Visualizing Regression Results in R
1 Setup
This article will teach you how to use ggpredict()
and plot()
to visualize the marginal effects of one or more variables of interest in linear and logistic regression models. You will learn how to specify predictor values and how to fix covariates at specific values, in addition to options for customizing plots.
Marginal means are predicted outcomes given certain constraints, and a marginal effect is the predicted change in the outcome after varying a variable of interest while holding others constant.
As our models grow in complexity and dimensionality, we face increasing difficulty in interpreting coefficients. Visualizing margins helps us better understand and communicate our model results.
To begin, load the ggeffects
and ggplot2
libraries. ggeffects
has the ggpredict()
function, which we will use to calculate margins, and ggplot2
has other plotting functions.
library(ggeffects)
library(ggplot2)
Load a sample of the 2019 American Community Survey.
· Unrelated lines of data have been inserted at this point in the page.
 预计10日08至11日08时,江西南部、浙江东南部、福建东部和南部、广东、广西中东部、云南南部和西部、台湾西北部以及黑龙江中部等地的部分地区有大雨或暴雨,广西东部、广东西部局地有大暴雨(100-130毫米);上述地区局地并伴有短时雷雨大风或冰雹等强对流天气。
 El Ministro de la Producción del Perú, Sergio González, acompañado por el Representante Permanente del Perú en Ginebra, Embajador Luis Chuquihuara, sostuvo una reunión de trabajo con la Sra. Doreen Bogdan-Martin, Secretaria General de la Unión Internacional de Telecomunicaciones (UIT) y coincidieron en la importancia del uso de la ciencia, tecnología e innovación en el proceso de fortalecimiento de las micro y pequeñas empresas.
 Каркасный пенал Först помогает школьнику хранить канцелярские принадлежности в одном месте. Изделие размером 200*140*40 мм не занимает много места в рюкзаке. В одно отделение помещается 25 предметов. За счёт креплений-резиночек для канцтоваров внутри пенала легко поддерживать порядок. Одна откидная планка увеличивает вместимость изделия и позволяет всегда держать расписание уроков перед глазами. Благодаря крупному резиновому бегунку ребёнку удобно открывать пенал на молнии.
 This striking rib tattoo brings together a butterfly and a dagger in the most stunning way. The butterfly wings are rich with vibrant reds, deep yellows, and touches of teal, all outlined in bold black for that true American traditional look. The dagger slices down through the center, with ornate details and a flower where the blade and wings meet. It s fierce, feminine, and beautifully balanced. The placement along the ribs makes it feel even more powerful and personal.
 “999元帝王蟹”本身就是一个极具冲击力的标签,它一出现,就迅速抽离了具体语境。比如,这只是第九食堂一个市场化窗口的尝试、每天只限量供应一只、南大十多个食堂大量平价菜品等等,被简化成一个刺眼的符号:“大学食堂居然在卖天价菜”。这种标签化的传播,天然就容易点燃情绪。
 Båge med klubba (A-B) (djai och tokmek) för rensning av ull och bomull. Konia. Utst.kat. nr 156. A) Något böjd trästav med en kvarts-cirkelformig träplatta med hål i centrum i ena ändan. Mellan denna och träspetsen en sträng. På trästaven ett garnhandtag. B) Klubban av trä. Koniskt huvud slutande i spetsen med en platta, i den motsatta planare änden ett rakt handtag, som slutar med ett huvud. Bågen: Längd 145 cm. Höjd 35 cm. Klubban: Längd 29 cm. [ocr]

The variables in this dataset are described in Regression Diagnostics with R.
acs <- readRDS(url("https://sscc.wisc.edu/sscc/pubs/data/RegDiag/acs2019sample.rds"))
Fit a linear model predicting income
from age
, education
, the interaction of the two, hours_worked
per week, and sex
.
mod <- lm(income ~ age * education + hours_worked + sex, acs)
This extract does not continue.